Feeling powerless also defeats us and stymies our ability to be present. The research of Dacher Keltner and his colleagues found that when we feel powerful, we feel free, in control and safe. And so we operate out of an approach system. We seek opportunities and are able to meet the world openly. Not about dominating others, personal power is about trusting our own inner authority.

However, when we feel powerless, our behavioral system is one of avoidance. We tune into threats, rather than opportunities and we withdraw. “We feel generally anxious and pessimistic, and we’re susceptible to social pressures that inhibit us and make our behavior unrepresentative of our sincere selves.” And our anxiety even impairs our ability to think or to remember, for that matter!

In addition to anxiety, powerlessness can be self-defeating, notes Cuddy. She states, “People who feel socially powerless are … dependent on powerful others to lead the way. This causes the powerless to endorse the unfair systems that reinforce their state.” Studies by Van der Toorn and cohorts found that “the powerless justify rather than strive to change the hierarchical structures that disadvantage them.” Interesting to ponder in these election times.

So how not to collapse into powerlessness? Don’t collapse the body, for starters, exhorts Cuddy. Poet David Whyte, who can mesmerize an audience for hours with his lyrical stories, says “Be Large!” Cuddy would concur.

When we feel powerless, we may collapse in our postures, gestures, walking, even our speech, says Cuddy. And, yes, Cuddy asserts, men use much more expansive body language than do women. “Men display generally more non-verbal dominance and expansiveness, talk more, and interrupt more than women do. Women show generally more submissive, contractive, non-verbal behavior, talk less (yes, the stereotype that women are more talkative than men is just plain wrong), interrupt less often, and are interrupted more often.”

Unfortunately, women globally are still subjected to less social power than men and it shows behaviorally.

Note that the subordination of women is not evident among children in their early years. At first, little boys and little girls are equally likely to elicit expansive postures—throwing their arms in the air, standing with shoulders back, feet planted apart. However, eventually, “as boys continue to expand … girls begin to collapse.” Cuddy issues a call to all of us to intervene when we see our daughters, sisters, female friends start to collapse in on themselves.

But both men and women can benefit from power poses that have been extensively researched.
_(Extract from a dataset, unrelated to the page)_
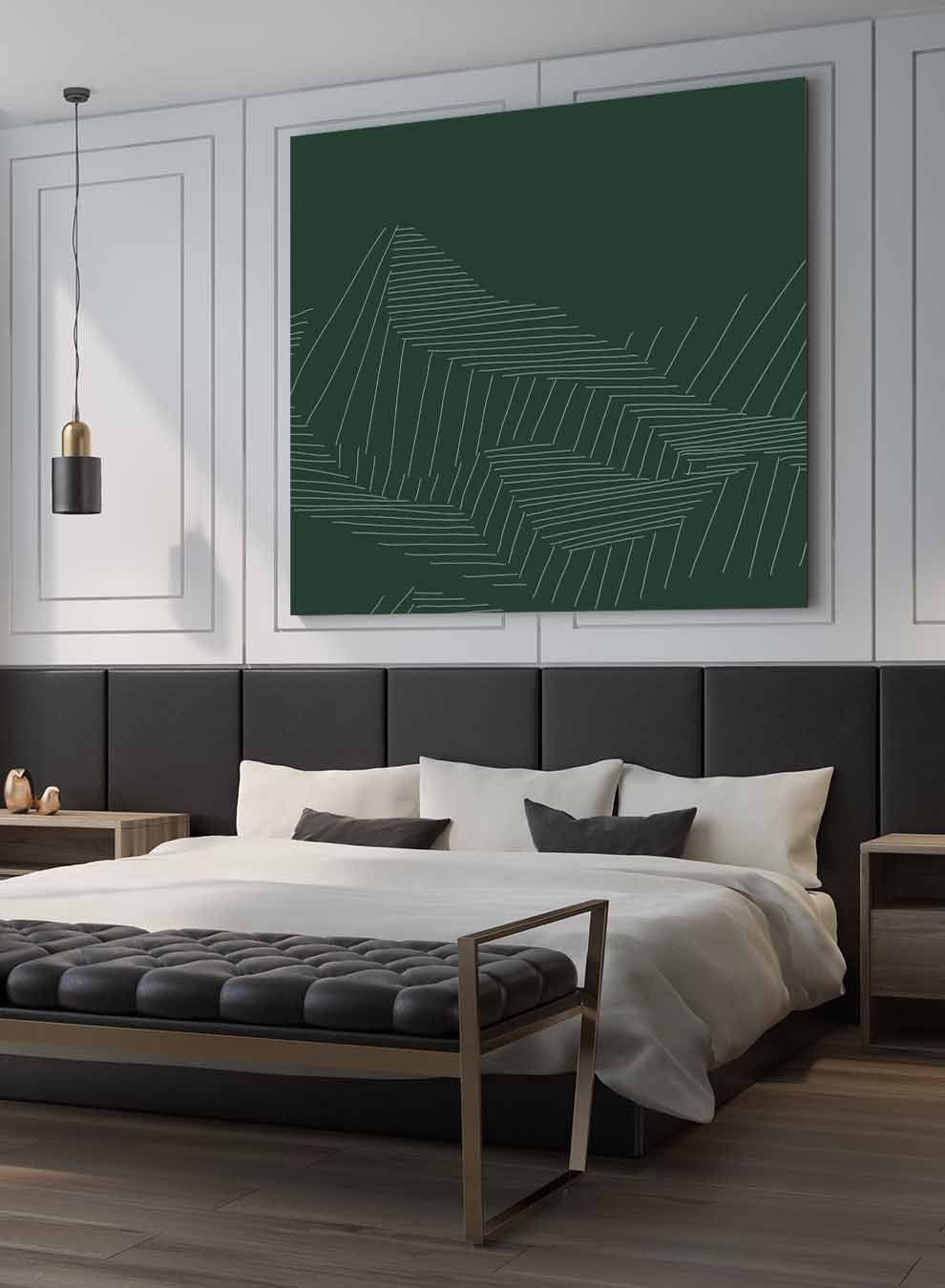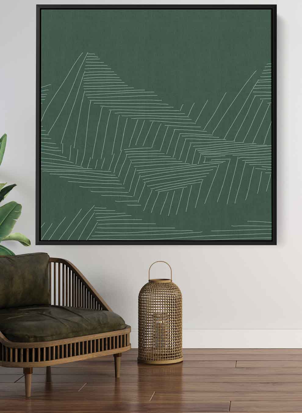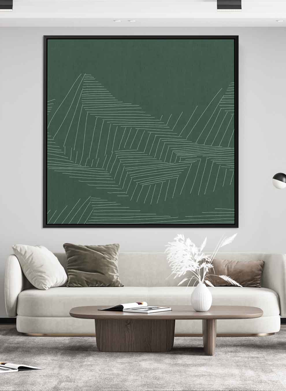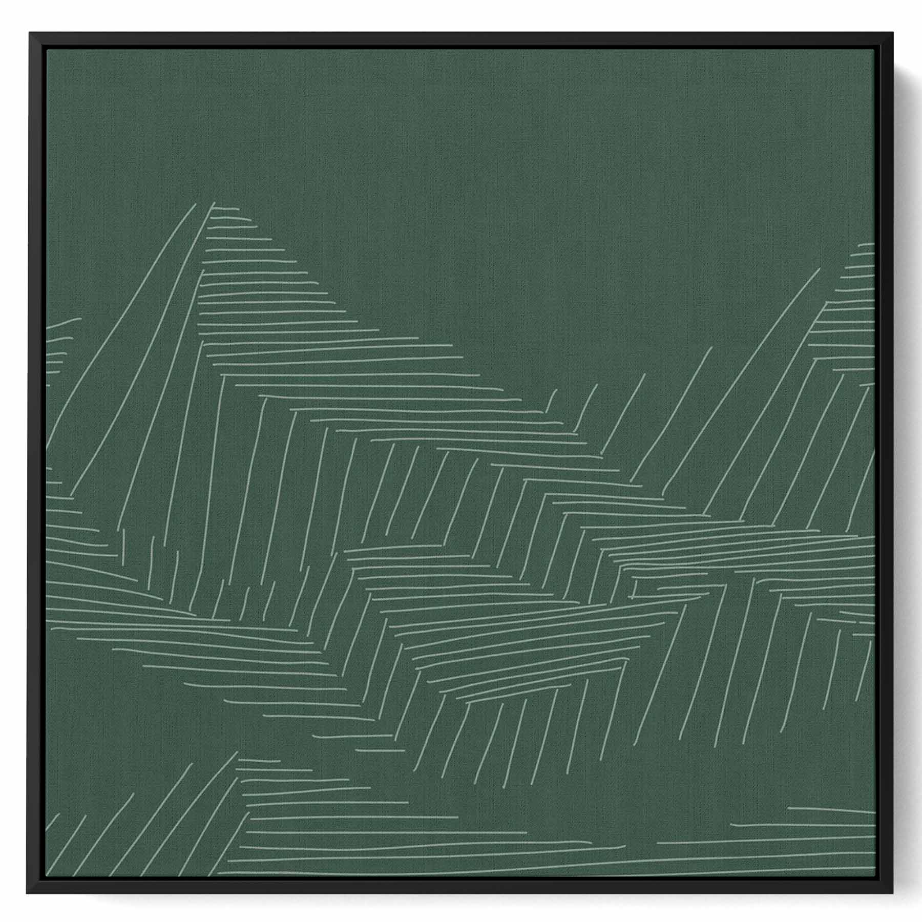 Square Canvas Wall Art Stretched Over Wooden Frame with Black Floating Frame and Mountains Abstract Painting

It was found that simple expansive body postures held for a couple minutes had better results than being assigned a powerful role.

Or, in the words of Maya Angelou, “Stand up straight and realize who you are, that you tower over your circumstances.”

Cuddy’s book can help us do just that: to integrate presence with our personal power that frees us to connect to and care for others and thus live a more expansive life.